Conclusions These results suggest an important role of HT in the treatment of CCHD. There was a low frequency of T cruzi infection reactivation and no signs of recurrence of the disease in the allograft. The surprisingly decreased rejection incidence and severity require further studies for elucidation.
Heart transplantation is an effective treatment for patients with end-stage heart failure. Nevertheless, it is not indicated for patients with primary or secondary heart disease likely to recur in the allograft.1 HT in Chagas' disease has raised important questions concerning infection reactivation related to immunosuppression and recurrence of the disease in the transplanted heart.2
CCHD is more prevalent in young people3 and presents high morbidity and mortality during the decompensation stage.4 On the other hand, treatment with specific drugs, such as benzonidazole, is satisfactory, at least during the acute phase of the disease.5 On the basis of these facts and of the results obtained with kidney transplantation in Chagas' disease,6 7 our group, under the leadership of Professor E.J. Zerbini, performed the first HT in a patient with CCHD on June 3, 1985.8 The present study prospectively investigated the follow-up of this patient and others with CCHD submitted to orthotopic HT in our institution. The main purpose of the study was not to determine the feasibility of HT in patients with CCHD but rather to investigate the follow-up features of these patients because of the systemic nature of the disease and the heart-specific immunoreactivity associated with active myocarditis.
Ten patients with NYHA functional class IV heart failure and positive serological tests for Chagas' disease who received orthotopic HTs as of 1985 were studied. Nine were men; the mean age was 44±11 years. Patients with megesophagus, megacolon, and classic contraindications were excluded.9 The mean value of LVEF by M-mode echocardiogram was 0.21±0.08.
The immunosuppression protocol was based on Yacoub et al.10 Cyclosporin A (CyA) was maintained in doses varying from 1 to 10 mg·kg−1·d−1 during the postoperative period, depending on values in total hemolyzed blood, seeking initial levels of 300 to 400 ng/mL and 100 to 150 ng/mL as of the third month.
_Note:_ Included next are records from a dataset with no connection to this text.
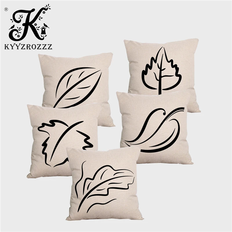 Художники украшения дома черный и белый лист растения подушка набор ручная роспись эскиз живопись листья льняная Печать Подушка 45см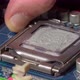Assembling high performance personal computer, inserting hardware into the motherboard socket, opened PC case in background, shallow depth of field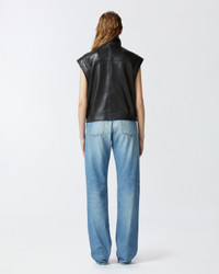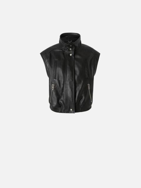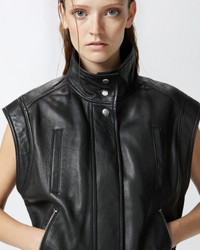 GAMBIA VEST − 103898A21LZ99 Sleeveless biker jacket in soft nappa leather with a high collar fastened with two metal press studs. Vertical welt pockets and zipped side pockets. Covered zip fastening at the front. COMPOSITION Lining: POLYESTER 100% - Leather: SHEEP LEATHER 100% SHEEPSKIN LEATHER 100%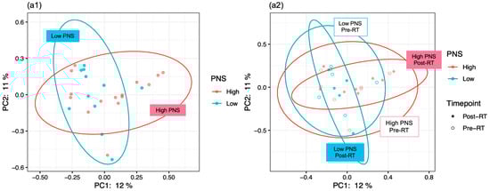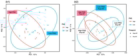 The β-diversity of gut microbiome by PNS level (low vs. high) pre-RT, post-RT, or the combination of both. (a1) and (b1) display the dissimilarities of gut microbiome via PNS levels (low vs. high) using the Bray-Curtis and weighted UniFrac distance. (a2) and (b2) display the dissimilarities of gut microbiome via PNS levels (low and high) vs. timepoint (pre-RT and post-RT) using Bray-Curtis and weighted UniFrac distance. PNS, psychoneurological symptoms; RT, radiation therapy.
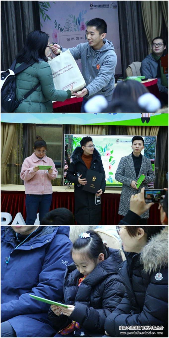 当然,除了给游客们带来新知识,我会也为专心听讲的“同学们”准备了新年礼物——“熊猫画廊”特制专属明信片等小礼品。每场讲堂结束后,科普教员会从座位编号1到100的听众中随机抽出5名幸运游客送上大礼,希望元旦的这份节日“欧气”带来一年的好运!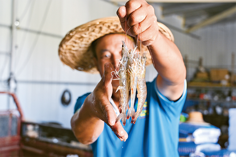 地处黄河岸边的内蒙古乌海市海南区巴音陶亥镇,因地制宜利用盐碱地开展农业养殖,不仅提高了盐碱地的利用率,也带动当地村民致富。图为养殖园区工作人员展示养殖的对虾。 新华社记者 刘磊/摄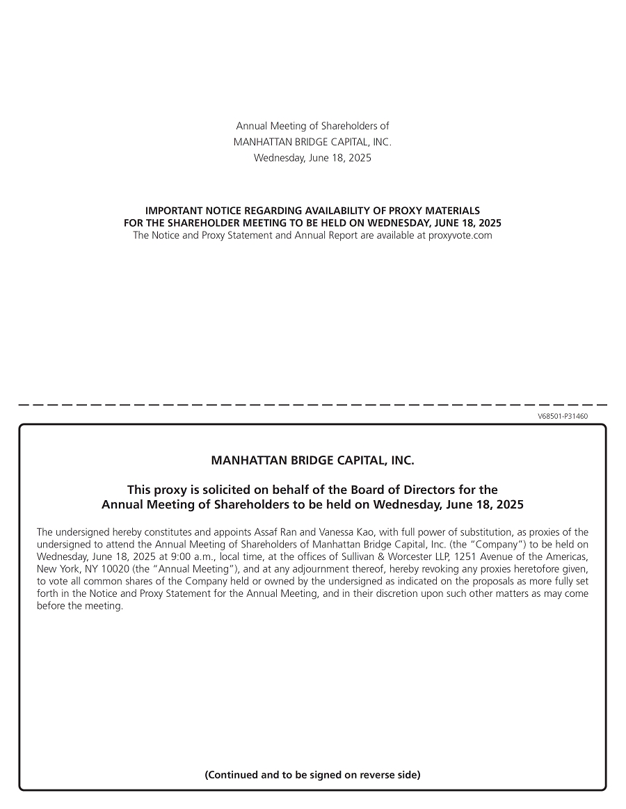 Manhattan Bridge Capital, Inc.(“公司”)年度股东大会将于当地时间2025年6月18日(星期三)上午9:00在Sullivan & Worcester LLP,1251 Avenue of the Americas,New York,NY 10020的办公室举行,目的是审议并就以下事项采取行动: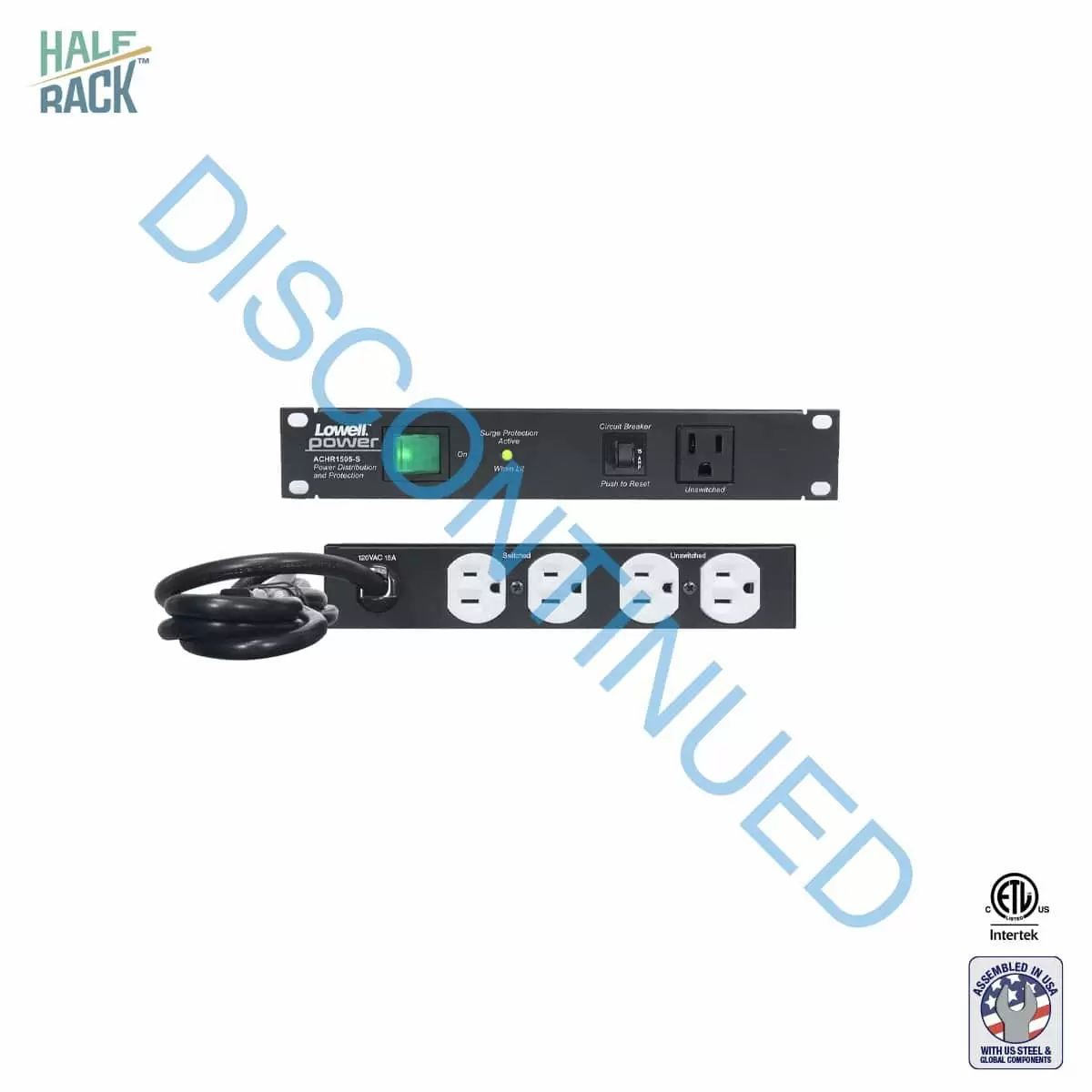 The AC rackmount power panel shall be Lowell Model No. ACHR- 1505-S. It shall be ETL Listed and have a power rating of 120VAC, 60Hz, 15A with five outlets. Activation shall be via a lighted rocker switch which shall control two rear outlets. The front outlet and two rear outlets shall be unswitched. Termination shall be via a 6 ft. cord with NEMA 5-15P plug. The steel chassis shall measure 1U x 10.375″W x 7.25″D and shall have a black powder epoxy finish. The unit shall also include surge protection to 30,000A which shall have an LED status indicator.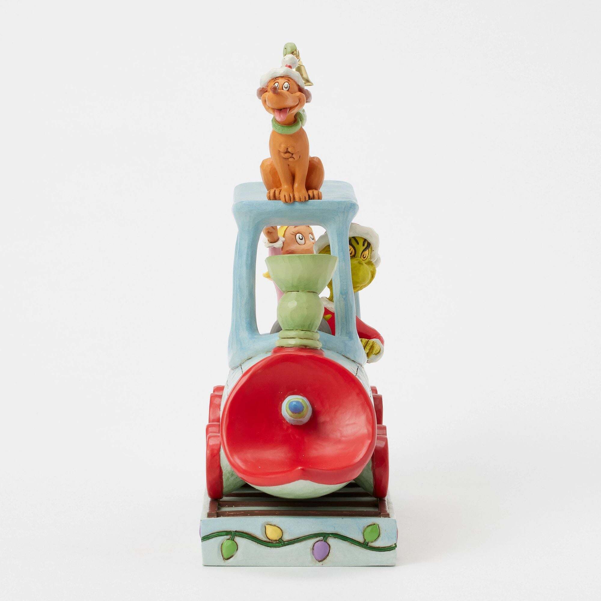 ¡Sube al Grinch Express! En esta encantadora figura de Jim Shore , el Grinch toma el control de una locomotora decorada. Max se sube encima mientras Cindy Lou toca una campana de verdad, ¡añadiendo un toque sónico! Diseñada por el galardonado artista y escultor Jim Shore para la Colección Grinch. Estas figuras no son juguetes para niños. Destinadas solo para adultos. Altura: 23,5cm
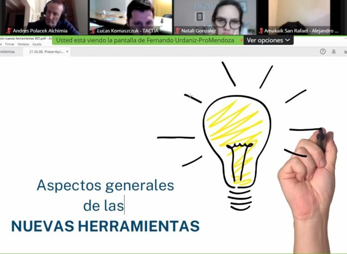 Durante la disertación, el gerente Mario Lázzaro presentó 3 herramientas a las que todas las PyMEs exportadoras de Mendoza pueden acceder para mitigar los efectos provocados por la pandemia, al no poder viajar los empresarios.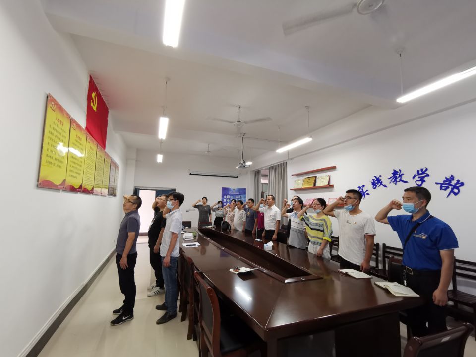 7月1日,为庆祝中国共产党成立99周年,进一步推动学习贯彻习近平新时代中国特色社会主义思想和党的十九大精神,回顾党的光辉历程,教育引导广大党员继承和发扬党的光荣传统和优良作风,实践教学部直属党支部开展“庆祝建党99周年”主题党日活动。实践教学部全体党员参加了此次活动。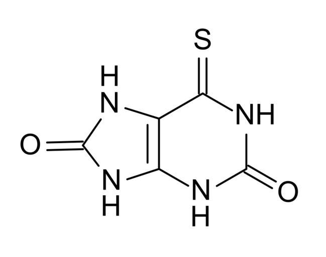 Keywords: Thiouric acid skeletal.svg thiouric acid the main metabolite of azathioprine own Anypodetos 2012-06-24 BKchem 001 -check Purines Organic acids Cc-zero
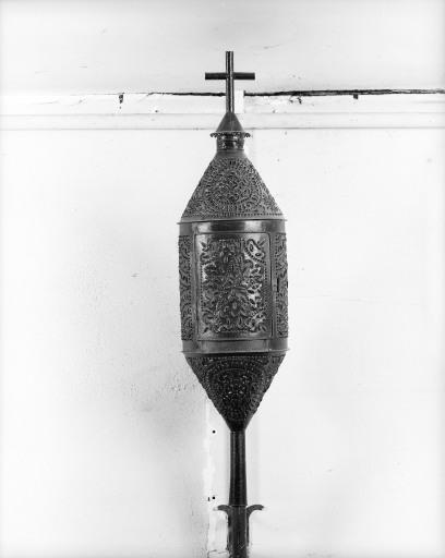 Lanterne à corps central cylindrique en fer terminé à chaque extrémité par un cône ; celui du dessous possède une douille et celui du dessus une croix ; l'ensemble est percé de trous dessinant des cercles et des étoiles ; un petit vantail de fer cintré s'ouvre dans le corps central.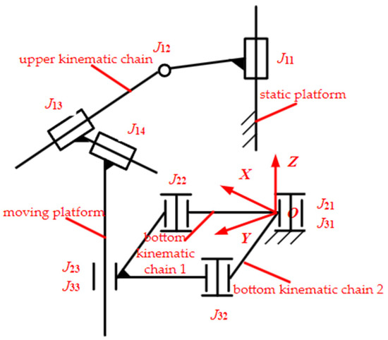 The first task in designing a new robot is analyzing the degrees of freedom to further achieve accurate motion control. It can be seen from Figure 4 that the upper kinematic chain contains a parallelogram mechanism. In order to facilitate the analysis of the degrees of freedom, we simplified the upper kinematic chain and replaced the parallelogram with a generalized kinematic pair [25]. The kinematic sketch of the robot is shown in Figure 5.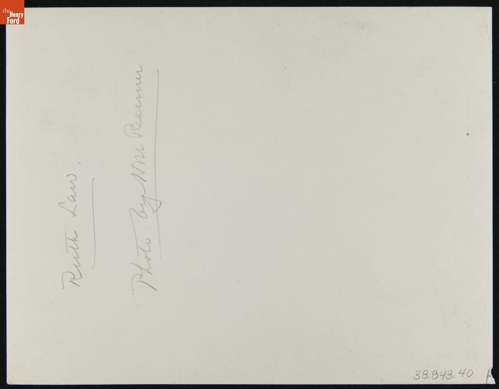 Ruth Law earned her pilot's license in 1912 and soon developed a taste for aerobatics and record breaking. In 1916 she flew 590 nonstop miles from Chicago to the state of New York. During World War I, Law argued unsuccessfully for women to fly in combat roles. Law continued to set records until she retired from flying in 1922.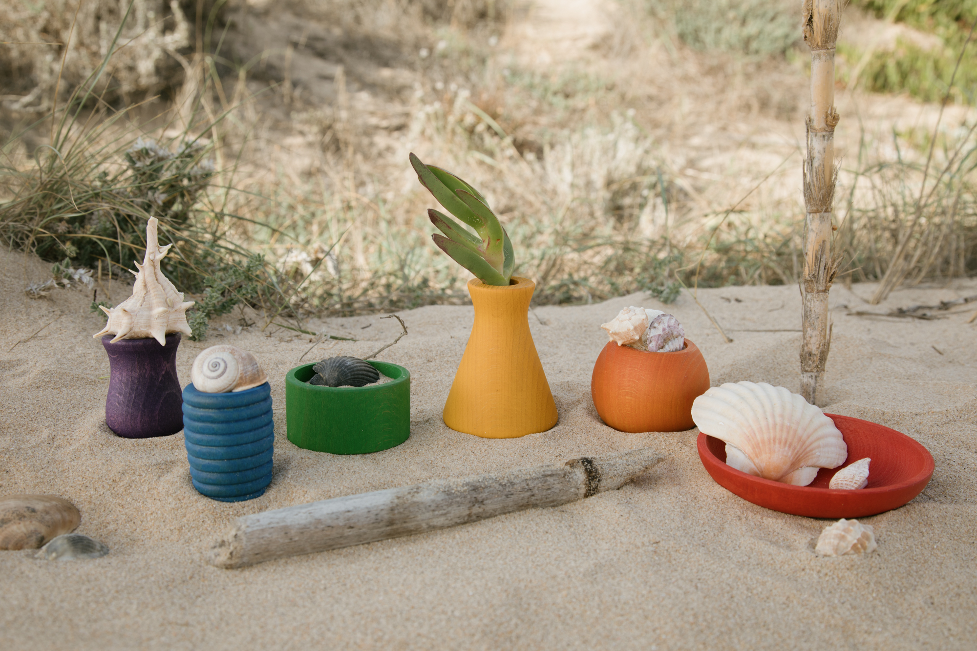 Kombinieren kann man die Pots wunderbar mit dem tollen Tool Set von Grapat, aber auch mit allen anderen Open Ended Play Spielmaterialen.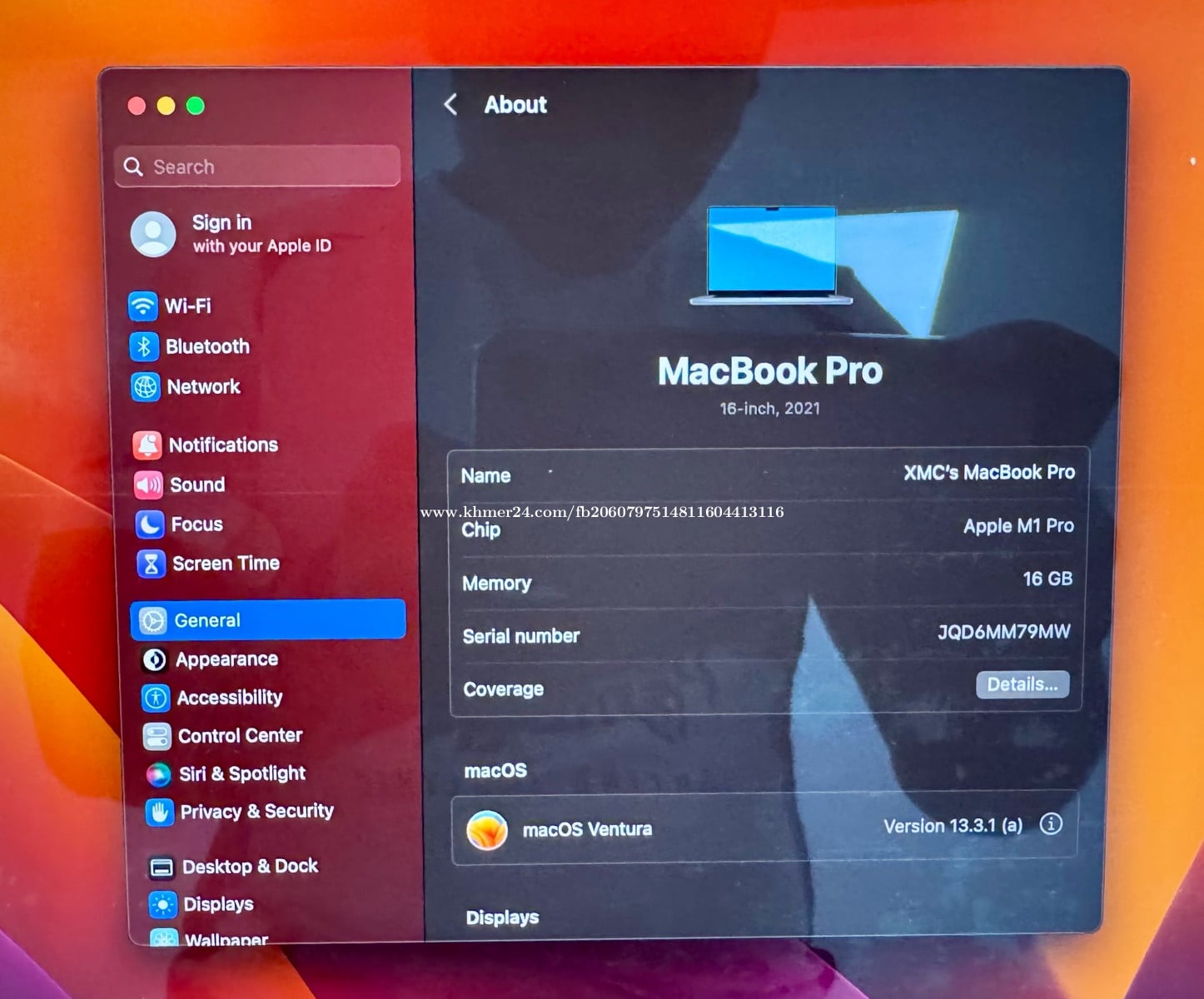 MacBook Apple M1 Pro នៅថ្មី ៩៩%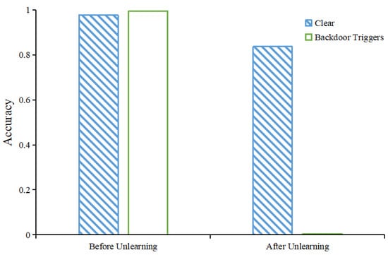 We trained a fully connected neural network model with three layers using the MNIST dataset with a backdoor trigger that tricks the model into classifying the number “1” as the number “9”. Our fully connected network consists of three layers, and the number of neurons is 784 × 100, 100 × 100, and 100 × 10, respectively. In addition, there are ReLu activation functions between every two layers. We evaluated the unlearning effect of our first unlearning method. We show the clean prediction accuracy and the backdoor prediction accuracy of the model before and after unlearning, respectively, as shown in Figure 2. The figure shows that the prediction accuracy of the model for clean data changes from 97.66% to 84.67%, while the success rate of backdoor attacks decreases from 99.47% to 0.18%. This shows that our approach can completely remove backdoor triggers from the model with only a small degradation in model performance. Model performance can be recovered after a small number of epochs of knowledge distillation []. Specifically, we used the old model as a teacher to train the unlearned model.

Azathioprine was maintained in doses varying from 0.5 to 1.5 mg·kg−1·d−1. Two patients also required steroids because of side effects of CyA, and in one of these, prednisone was continued on a long-term basis.
AR was monitored through weekly endomyocardial biopsies during hospitalization, every 2 weeks during the first 2 months, monthly up to month 6, and every 2 or 3 months during the first year of follow-up and then every year or when AR was suspected. AR was diagnosed according to the criteria of the International Society of Heart Transplantation11 ; grade ≥2 was treated with methylprednisolone at 0.5 or 1 g/d for 3 days. To analyze AR episodes, an age- and sex-matched control group of 10 patients who received HTs for other causes, with the same immunosuppressive regimen and followed through a similar period, was studied. The incidence and severity of treated AR episodes in chagasic (study group) and nonchagasic (control group) patients were compared.
Trypanosoma cruzi Infection Reactivation
Prevention of T cruzi infection reactivation was performed by administration of benzonidazole (10 mg·kg−1·d−1) during 60 days in the preoperative period to the 8 patients who tolerated it and to all patients during the immediate postoperative period. T cruzi infection was monitored during the preoperative and postoperative periods. In the latter, evaluation was performed along with endomyocardial biopsies, quarterly in the first year, and every 6 or 12 months thereafter. Tests to detect parasites in myocardial tissue and in blood were performed. Blood tests included direct examination, xenodiagnosis, and culture, as well as serological tests such as complement fixation, hemagglutination, and immunofluorescence assays.
Infection and Neoplasias
Episodes of infection that required treatment and the occurrence of neoplasias were included in the analysis.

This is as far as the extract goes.